-------- TASK INPUT
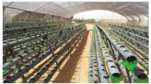
أنتاج الطماطم في النظام الغمرى المكثف
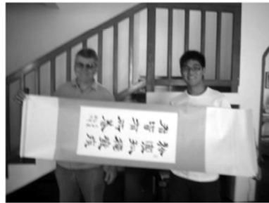
▲我在父親節送書給轟爸!!!他很開心外交使節的責任啦！

巴西人真的很愛玩，我的home parents利用週末三天帶我去露營。這露營可不是台灣的露營，有營地，有廁所及浴室的那種露營。這種露營是野外求生的那種，你在電影上才看得到的露營。在台灣我從來沒露過營，這次的露營，對我可是一大挑戰，要自己煮飯，睡帳篷還是小事，最叫我不知所措的是我們要去河邊洗菜、洗碗、挑河水來煮飯，還要跳進河裡洗澡、游泳。只差沒把尿尿也尿進河裡。真是夠簡單的生活了！我們還在河裡划船，欣賞美麗的風景，悠閒的和朋友聊天、玩樂，這場景真的只有
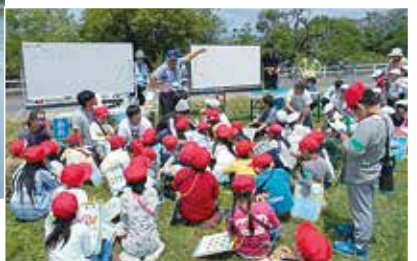
点野小学校1年生校外学習
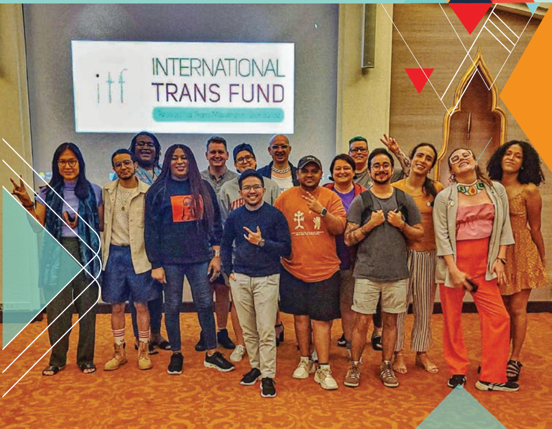
GMP In-person Meeting (June 2023)
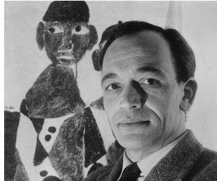
06 Hamed Abdalla in Kopenhagen, 1959
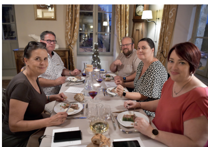
À l'issue de la visite, repas servi au Bistrot Loiseau du Morvan
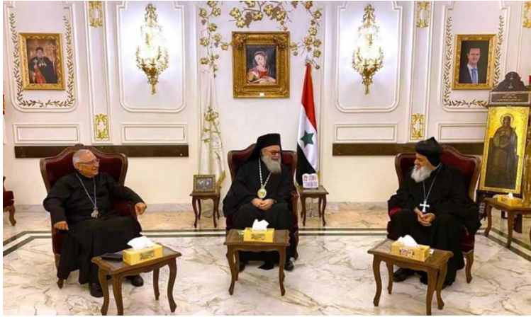
اجتماع البطارقة الثلاثة في المقرّ البطريركي في باب توما، دمشق، 18 حزيران/ يونيو 2020
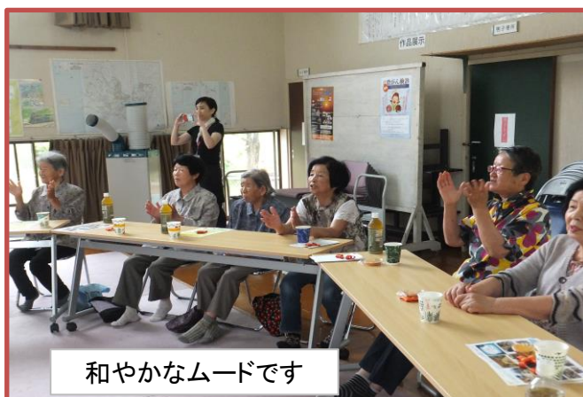
和やかなムードです
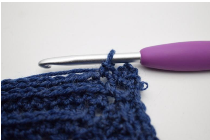
7. (Haak 1 V in eerste steek.
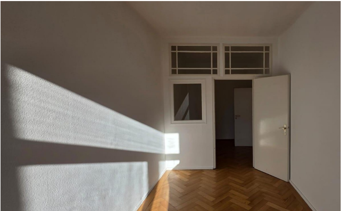
Raum2 zum Vorraum
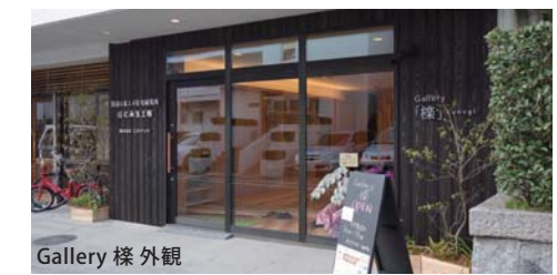
Gallery 様 外観

ングをご利用下さい。トイレ・手洗・キッズコーナーもあり、椅子は10脚をご用意しております。その他詳細は、エヌテックまでお申し付け下さい。
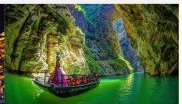
แกรนด์แคนยอนผิงซาน

*ทางบริษัทฯ ขอสงวนสิทธิ์ในการสลับโปรแกรมทัวร์ตามความเหมาะสมขึ้นอยู่กับสถานการณ์หน้างาน โดยคำนึงถึงผลประโยชน์ของลูกค้าเป็นสำคัญ
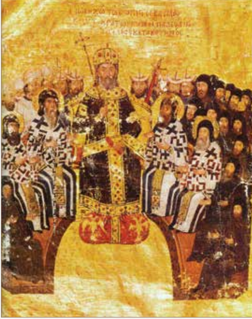
VI. İoannis Kantakouzenos: 1347-1354 İoannis kilise meclisini idare ederken, 1351. (Ms. grec 1242, vr. 5v, [1370-75 arası] Bibliothèque nationale de France, Paris)

Kaynak: https://commons.wikimedia.org/wiki/File:John_VI_Kantakouzenos.jpg
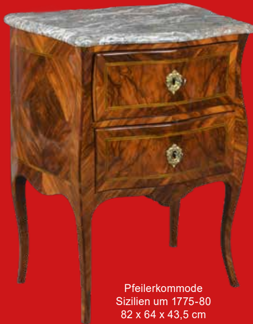
Pfeilerkommode Sizilien um 1775-80 82 x 64 x 43,5 cm
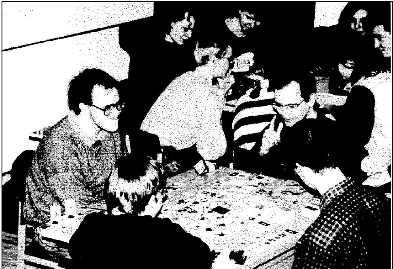
Talisman on aina ollut yksi tapahtumien suosikkipeleistä.

Vai onko todella niin, etteivät roolipelaajat välitä tapahtumista? Ne, jotka väittävät välittävänsä, sanovat niin vain siksi, ettei heidän ulottuvillaan mitään ole järjestetty.
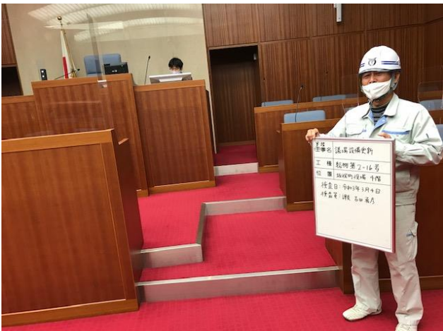
議長席及び執行部側
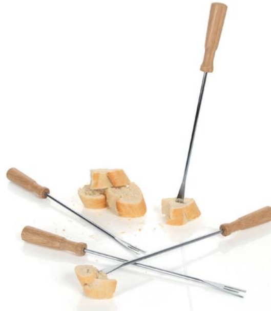
Confezione 4 forchette per fonduta al formaggio „Oslo“
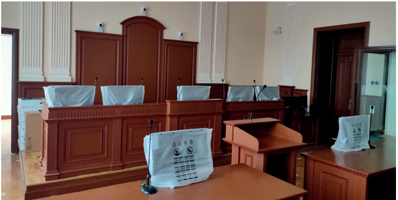
Soudní síň občanskoprávního kolegia Nejvyššího soudu Ukrajiny.

ptají na informace, zda je určitá oblast na Ukrajině (město nebo obec) pod okupací Ruska, (nebo zda v této oblasti probíhají nějaké vojenské operace). Z mého pohledu se jedná o pozitivní trend, neboť tyto informace přispějí ke spravedlivému a komplexnímu posouzení případu s ohledem na nejlepší zájem dítěte.
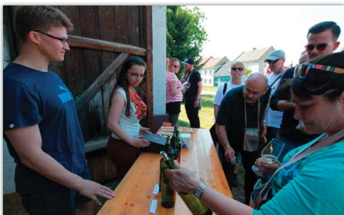
Putování po blatnických búdách letos přilákalo zhruba 1 600 návštěvníků, což je o dvě stě více než vloni.
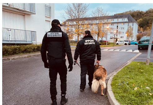
Les agents de sécurité patrouillent sur le quartier Montreuil à Laon

De 1 à 2 expulsions par an pour troubles, l'OPAL est passé à 9 en 2022. Les logements récupérés suite à une procédure d'expulsion pour troubles ont donc été multipliés par 5 entre 2021 et 2022.
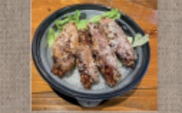
奥久慈しゃも唐揚げ定食 1,570円
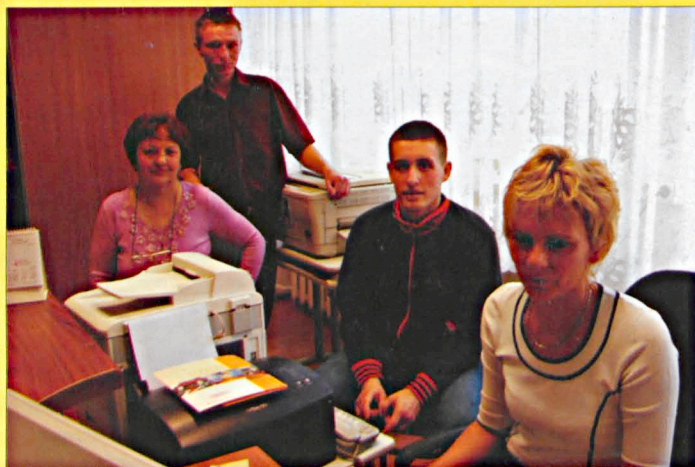
Młodzież z LO Parczew podczas Dni Przedsiębiorczości w Starostwie Powiatowym w Parczewie
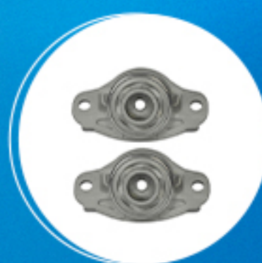
Suspensão: Kit coxins amortecedor traseiro Cód: 40665
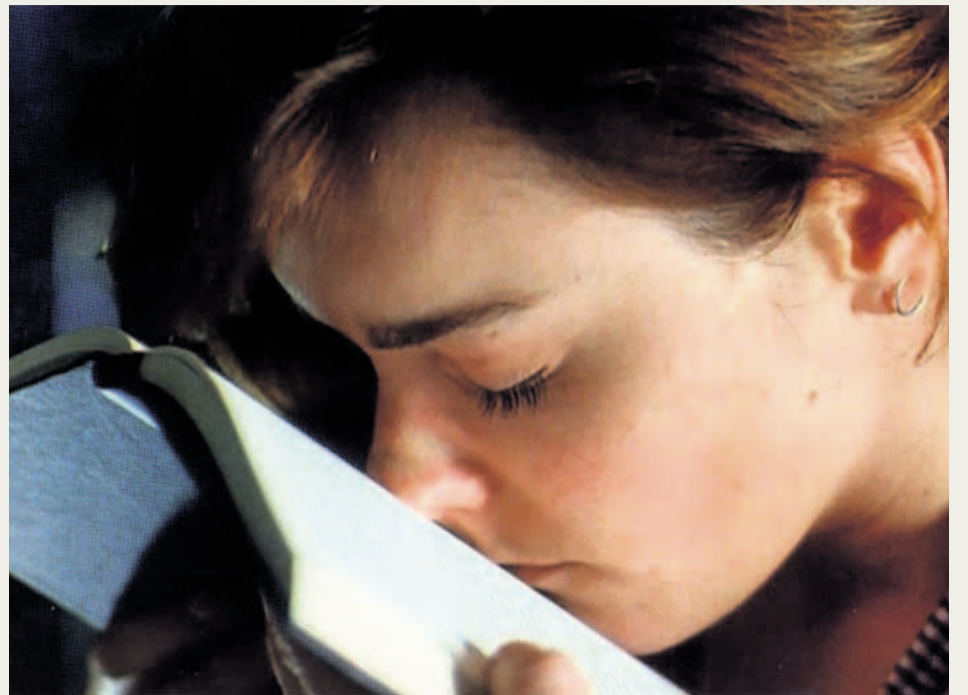
Una imagen de 'El milagro de la carne', de Javier Codesal.

'Cine y sentimiento' y 'Vislumbres de lo real' son los textos que acompañan a las películas. En el primero, con una escritura tan poéti-
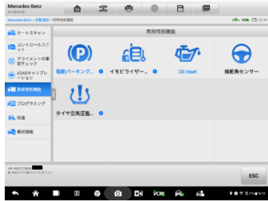
1. 常用特別機能⇒電動パーキングブレーキを選択
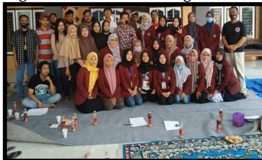
Gambar 3. Pembukaan proses penyuluhan

Dengan adanya aplikasi yang membantu UMKM Desa ini diharapkan nantinya semua elemen masyarakat baik produsen, distributor dan juga konsumen dapat mengetahui perkembangan-perkembangan yang ada dalam bidang IT dengan mudah setelah adanya penyuluhan ini. Sehingga tak hanya produsen dan distributor saja yang mengetahui hal ini namun juga seluruh lapisan generasi muda. Pengusaha dapat melakukan proses unduh aplikasi ini dengan mudah, yaitu dengan memanfaatkan playstore yang ada pada Gadget masing-masing. Dengan seperti itu kita dapat mengontrol jenis pemasukan dan pengeluaran keuangan UMKM usaha kita dengan memanfaatkan Gadget tersebut.
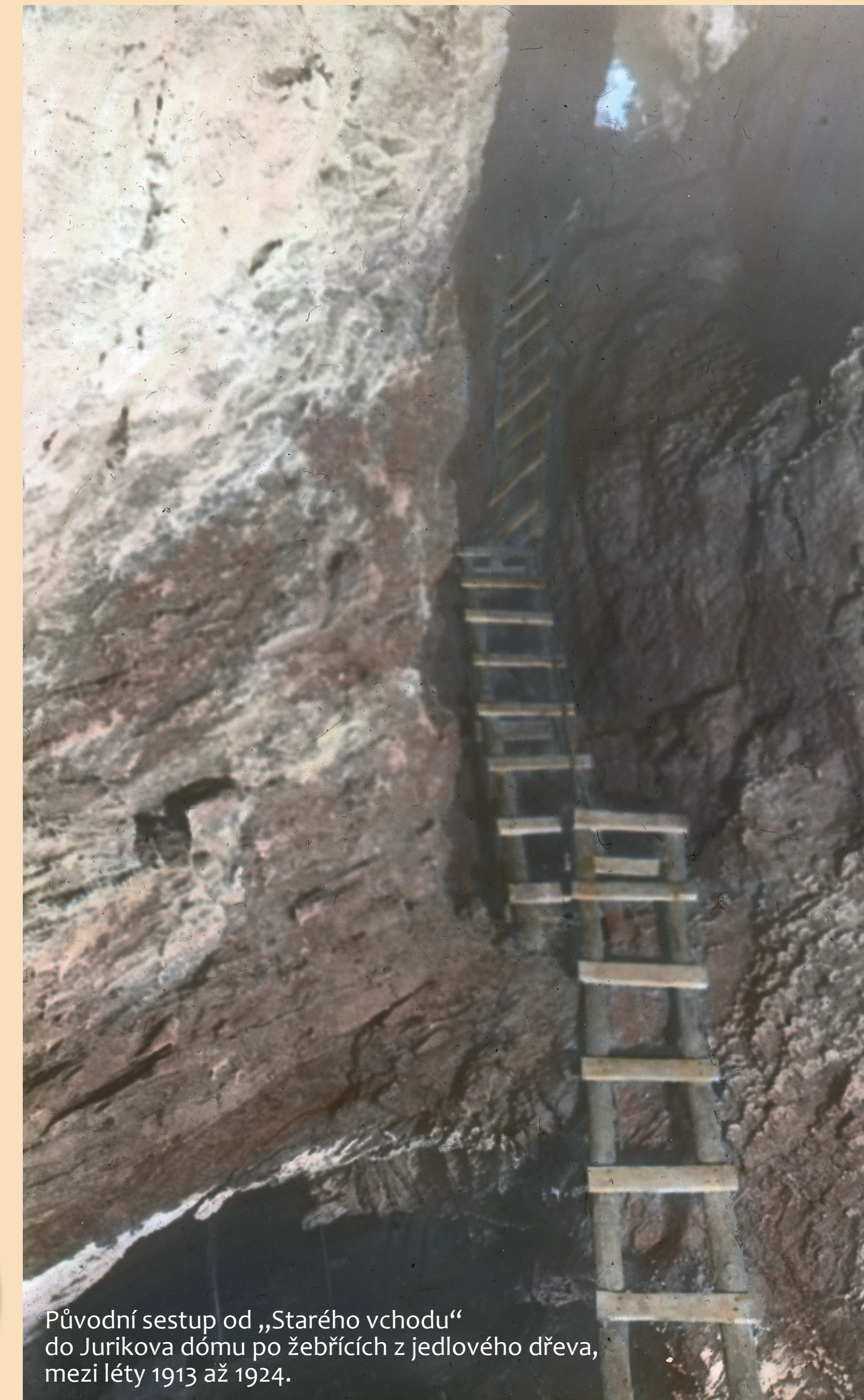
Původní sestup od „Starého vchodu“ do Juríkova dómu po zebřících z jedlového dřeva, mezi léty 1913 až 1924.
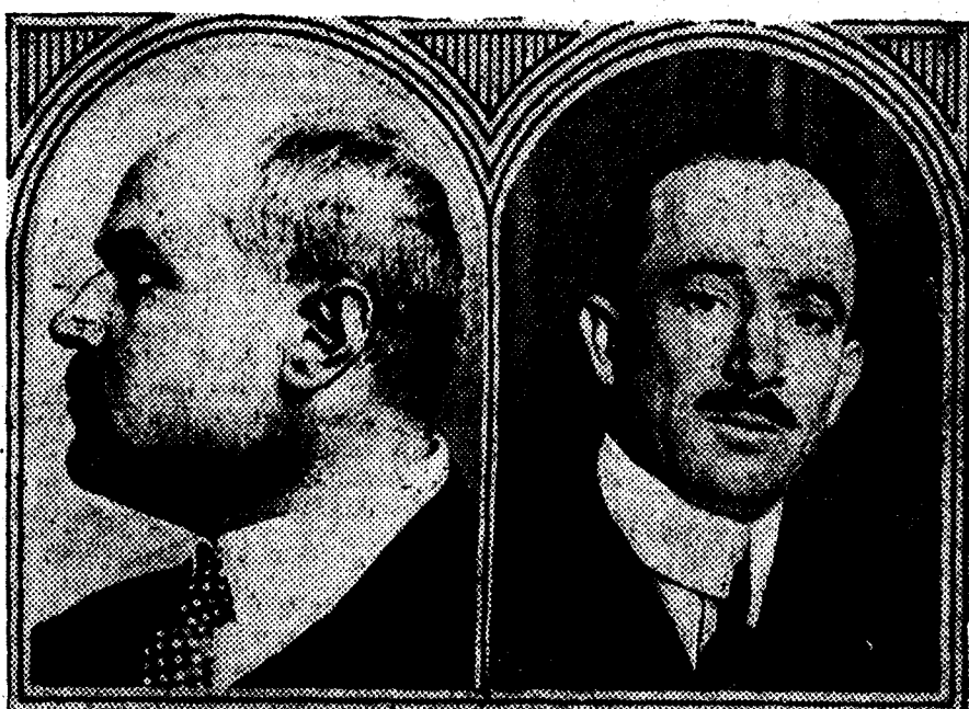
Svehla, jefe de los agrarios, que continúa desempeñando la jefatura del Gobierno, y Benes, que sigue al frente del ministerio de Negocios Extranjeros
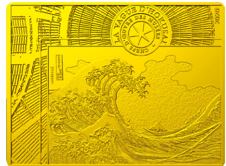
葛飾北斎生誕260年記念「北斎金貨」 (富嶽三十六景 神奈川沖浪裏)
----------------
> [ABOUT THIS TASK] Each record should appear again exactly as it stands, with no picture included.

> [ANSWER FOR THE TASK]
أنتاج الطماطم في النظام الغمرى المكثف
▲我在父親節送書給轟爸!!!他很開心外交使節的責任啦！

巴西人真的很愛玩，我的home parents利用週末三天帶我去露營。這露營可不是台灣的露營，有營地，有廁所及浴室的那種露營。這種露營是野外求生的那種，你在電影上才看得到的露營。在台灣我從來沒露過營，這次的露營，對我可是一大挑戰，要自己煮飯，睡帳篷還是小事，最叫我不知所措的是我們要去河邊洗菜、洗碗、挑河水來煮飯，還要跳進河裡洗澡、游泳。只差沒把尿尿也尿進河裡。真是夠簡單的生活了！我們還在河裡划船，欣賞美麗的風景，悠閒的和朋友聊天、玩樂，這場景真的只有
点野小学校1年生校外学習
GMP In-person Meeting (June 2023)
06 Hamed Abdalla in Kopenhagen, 1959
À l'issue de la visite, repas servi au Bistrot Loiseau du Morvan
اجتماع البطارقة الثلاثة في المقرّ البطريركي في باب توما، دمشق، 18 حزيران/ يونيو 2020
和やかなムードです
7. (Haak 1 V in eerste steek.
Raum2 zum Vorraum
Gallery 様 外観

ングをご利用下さい。トイレ・手洗・キッズコーナーもあり、椅子は10脚をご用意しております。その他詳細は、エヌテックまでお申し付け下さい。
แกรนด์แคนยอนผิงซาน

*ทางบริษัทฯ ขอสงวนสิทธิ์ในการสลับโปรแกรมทัวร์ตามความเหมาะสมขึ้นอยู่กับสถานการณ์หน้างาน โดยคำนึงถึงผลประโยชน์ของลูกค้าเป็นสำคัญ
VI. İoannis Kantakouzenos: 1347-1354 İoannis kilise meclisini idare ederken, 1351. (Ms. grec 1242, vr. 5v, [1370-75 arası] Bibliothèque nationale de France, Paris)

Kaynak: https://commons.wikimedia.org/wiki/File:John_VI_Kantakouzenos.jpg
Pfeilerkommode Sizilien um 1775-80 82 x 64 x 43,5 cm
Talisman on aina ollut yksi tapahtumien suosikkipeleistä.

Vai onko todella niin, etteivät roolipelaajat välitä tapahtumista? Ne, jotka väittävät välittävänsä, sanovat niin vain siksi, ettei heidän ulottuvillaan mitään ole järjestetty.
議長席及び執行部側
Confezione 4 forchette per fonduta al formaggio „Oslo“
Soudní síň občanskoprávního kolegia Nejvyššího soudu Ukrajiny.

ptají na informace, zda je určitá oblast na Ukrajině (město nebo obec) pod okupací Ruska, (nebo zda v této oblasti probíhají nějaké vojenské operace). Z mého pohledu se jedná o pozitivní trend, neboť tyto informace přispějí ke spravedlivému a komplexnímu posouzení případu s ohledem na nejlepší zájem dítěte.
Putování po blatnických búdách letos přilákalo zhruba 1 600 návštěvníků, což je o dvě stě více než vloni.
Les agents de sécurité patrouillent sur le quartier Montreuil à Laon

De 1 à 2 expulsions par an pour troubles, l'OPAL est passé à 9 en 2022. Les logements récupérés suite à une procédure d'expulsion pour troubles ont donc été multipliés par 5 entre 2021 et 2022.
奥久慈しゃも唐揚げ定食 1,570円
Młodzież z LO Parczew podczas Dni Przedsiębiorczości w Starostwie Powiatowym w Parczewie
Suspensão: Kit coxins amortecedor traseiro Cód: 40665
Una imagen de 'El milagro de la carne', de Javier Codesal.

'Cine y sentimiento' y 'Vislumbres de lo real' son los textos que acompañan a las películas. En el primero, con una escritura tan poéti-
1. 常用特別機能⇒電動パーキングブレーキを選択
Gambar 3. Pembukaan proses penyuluhan

Dengan adanya aplikasi yang membantu UMKM Desa ini diharapkan nantinya semua elemen masyarakat baik produsen, distributor dan juga konsumen dapat mengetahui perkembangan-perkembangan yang ada dalam bidang IT dengan mudah setelah adanya penyuluhan ini. Sehingga tak hanya produsen dan distributor saja yang mengetahui hal ini namun juga seluruh lapisan generasi muda. Pengusaha dapat melakukan proses unduh aplikasi ini dengan mudah, yaitu dengan memanfaatkan playstore yang ada pada Gadget masing-masing. Dengan seperti itu kita dapat mengontrol jenis pemasukan dan pengeluaran keuangan UMKM usaha kita dengan memanfaatkan Gadget tersebut.
Původní sestup od „Starého vchodu“ do Juríkova dómu po zebřících z jedlového dřeva, mezi léty 1913 až 1924.
Svehla, jefe de los agrarios, que continúa desempeñando la jefatura del Gobierno, y Benes, que sigue al frente del ministerio de Negocios Extranjeros
葛飾北斎生誕260年記念「北斎金貨」 (富嶽三十六景 神奈川沖浪裏)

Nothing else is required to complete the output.